En el fútbol hay insultos. Todo el rato. Los insultos suelen empezar hacia el equipo contrario, luego se dirigen al árbitro y si la cosa va mal terminan con el propio equipo, que siempre está formado por peseteros, mangantes, vagos y borrachos cuando pierden.
En la Copa Colegial, que es una competición pequeñita, de colegios privados y pabellones controlables, estamos intentando hacer algo parecido y nos parece utópico. Para todos es muy importante, y cuando un insulto se oye muy alto, tan alto que llegamos a oírlo en el parqué, paramos el partido directamente.
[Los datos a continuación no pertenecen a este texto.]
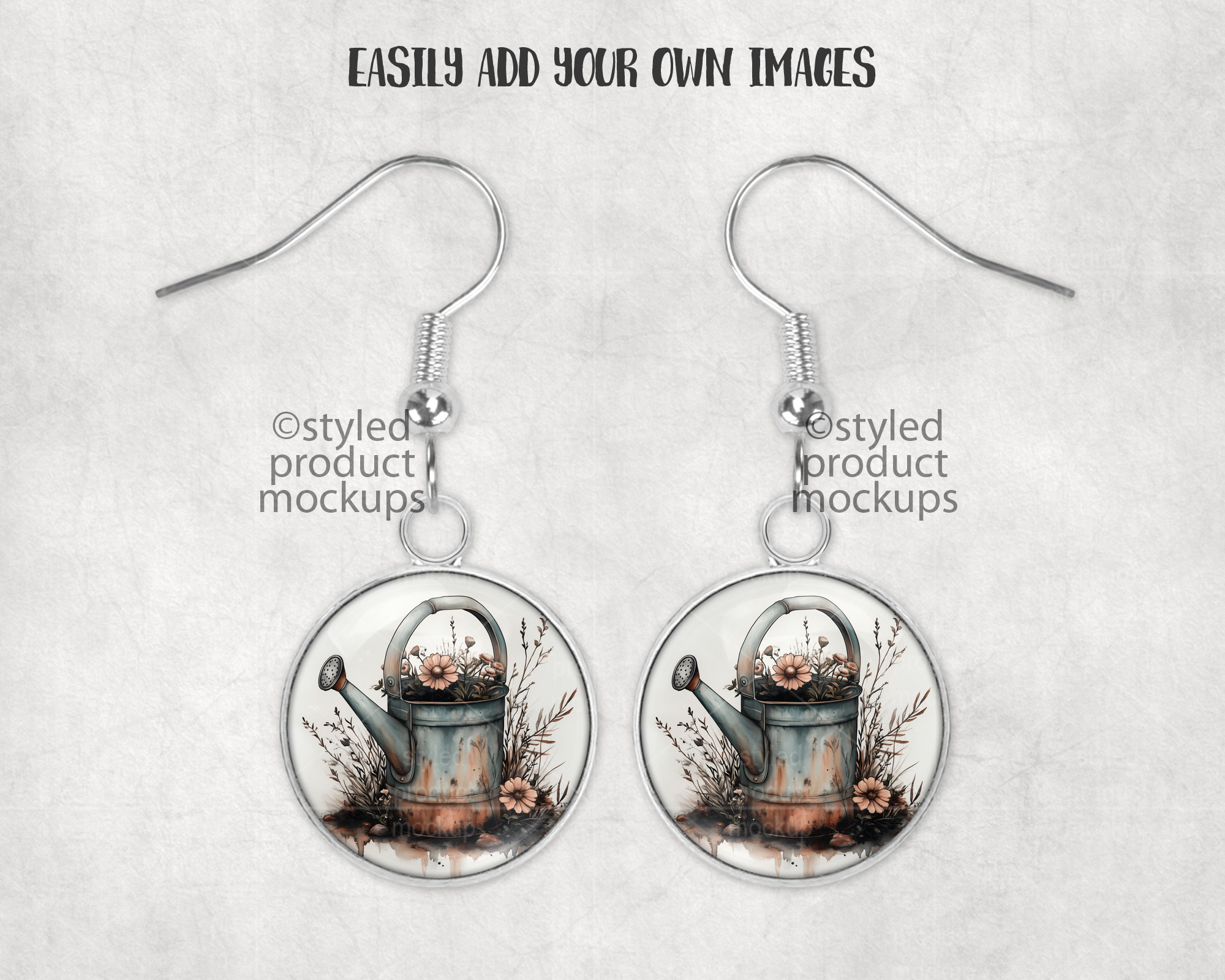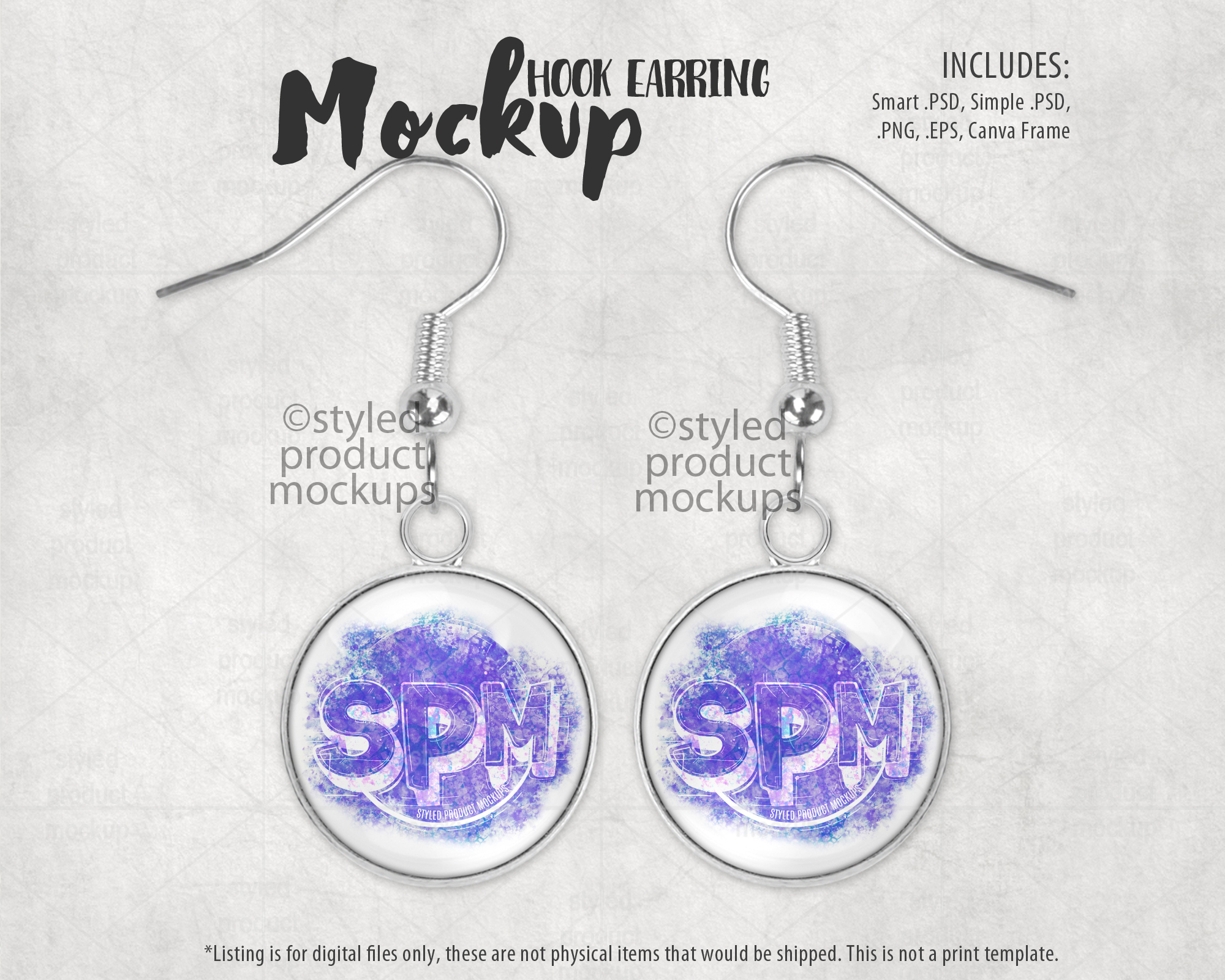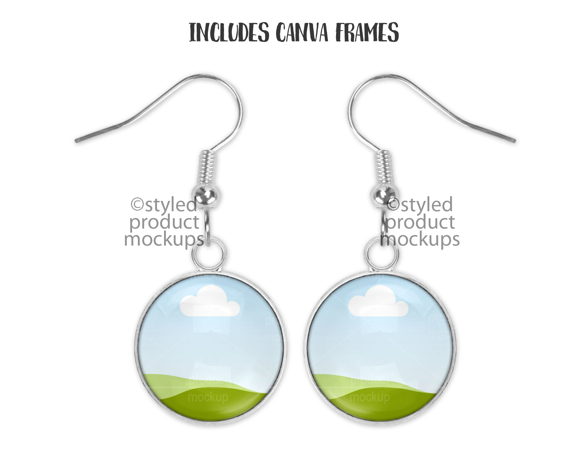 This listing is a mock-up that features a pair of round cabochon tray hook earrings. Give a professional touch to your earring designs without the hassle of photographing each one. This styled product mockups template is ready to use, simply add in your own art files and background.

Ahora bien, el deporte profesional es otra cosa: un mundo sucio, asqueroso, lleno de trampas, de odios, de competitividad malsana y con un montón de buitres alrededor jaleando cada disputa. ¿Vamos a pedirle ahora al aficionado que olvide todo eso y homenajee a Messi en el Bernabéu, a Cristiano en el Camp Nou? ¿Un aplauso cerrado cada vez que el marcador del Pizjuán anuncie una victoria del Betis; bien jugado, chicos?
La lucha contra la violencia es larga y hay que tomársela en serio. Pensar en medidas así, que no durarán más de una semana, es precisamente la mejor manera de demostrar que van a por el "lo intentamos" más que por el "lo conseguimos".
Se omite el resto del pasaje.